Ik ben op zoek naar een vrouw die de volgende stap in haar leven wil zetten. Ik ben een praktiserende moslim. Ik ben 23 jaar. De reden dat ik een meisje zoek via dergelijke site, is dat er al een kleine beetje info staat over hoe je verder wil met je leven.Heb je toevallig een msn of iets dergelijks, zou graag je beter willen leren kennen.

----------


## hamza12345

sallaam ik wil heel graag in kontakt komen met u

----------


## Siwaak_Takje

Subhaan'Allaah.. Haha, ik denk dat ik ook maar eens een advertentie ga plaatsen..

----------


## mohamed mohamed

ik ben 32 jaar ,ik ben marokkaans,ik wil ook trouwen met moslima

----------


## Vlaamse

> Subhaan'Allaah.. Haha, ik denk dat ik ook maar eens een advertentie ga plaatsen..


 :haha: 
Ik zal er ook maar werk van maken denk ik.

----------


## Siwaak_Takje

Maar eerst zien of Aichamelissa echt aan een man geraakt en trouwt, dan zal ik mijn kans wagen,  :hihi:

----------


## Vlaamse

:gniffel:

----------


## Siwaak_Takje

Haha, je ziet groen van jaloezie.. Vertel eens..  :hihi:

----------


## Vlaamse

> Haha, je ziet groen van jaloezie.. Vertel eens..

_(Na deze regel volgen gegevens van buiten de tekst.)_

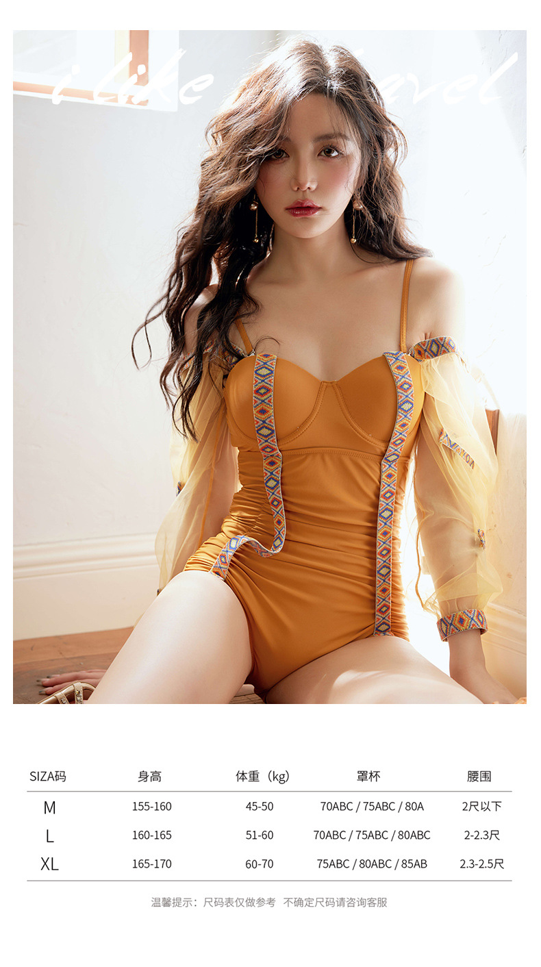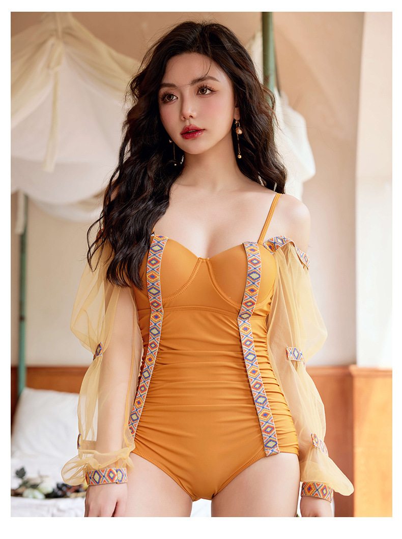 프랑스 복고풍 수영복 여성용 원피스 섹시 긴팔 요정 팬 강토 모여 슬림해 보이는 살점 덮인 스커트 휴가 수영복스토어 가기

Haha, neen hoor! Ik gun het de zuster van harte! Jou trouwens ook!  :stout:

----------


## Siwaak_Takje

Wat ben jij?

----------


## Vlaamse

Hoezo wat ben ik? :s

----------


## Siwaak_Takje

I mean, man of vrouw?

----------


## Vlaamse

Vlaamse = vrouwelijk

----------


## Siwaak_Takje

Inderdaad. Al twee weken geen school en ik merk het aan mijn taalgevoel.

----------


## Vlaamse

Het is ook al laat : )

----------


## Siwaak_Takje

Kan ook daar aan liggen..

----------


## hassan233

Assalaam alaikom,

Hoi zuster ik ben 29 jaar en zit in een scheiding ben een kleine 6 maanden getrouwd geweest.
Ik ben woonachtig in Amsterdam! En zou graag veder met me leven willen gaan! Bij serieuze intresse kan ik in kontakt komen met je Mahram!

----------


## mrnikss

ik heb intresse

----------


## sam111

> Salaam aleikum, ik ben een bekeerde nederlandse moslima, ik ben 27 jaar en zoek contact, met een serieuse praktiserende broeder, die net zo als mij toe is aan het huwelijk, ik zelf ben nederlandse dus het is moeilijk om een broeder of laat ik het zo zeggen een serieuse praktiserende broeder te vinden, die serieus is en net zo als mij wilt trouwen, vandaar dat ik het op deze manier probeer, nu hopen dat dit bericht goed aan komt want verstand van deze site heb ik niet , mohiem ik hoor graag een reactie wa aleikum salaam


graag zou ik met uw in contact willen kommen om dat,ik ben serious bezig met het zoeken naar een goede partner

----------


## ridouan1

ik ben ridouan,en ik ben 27,ik zou u graag beter willen leren kennen.

gr ridouan

----------


## Mika'il

Ben u getrouwd

----------


## Mika'il

Waarschijnlijk

----------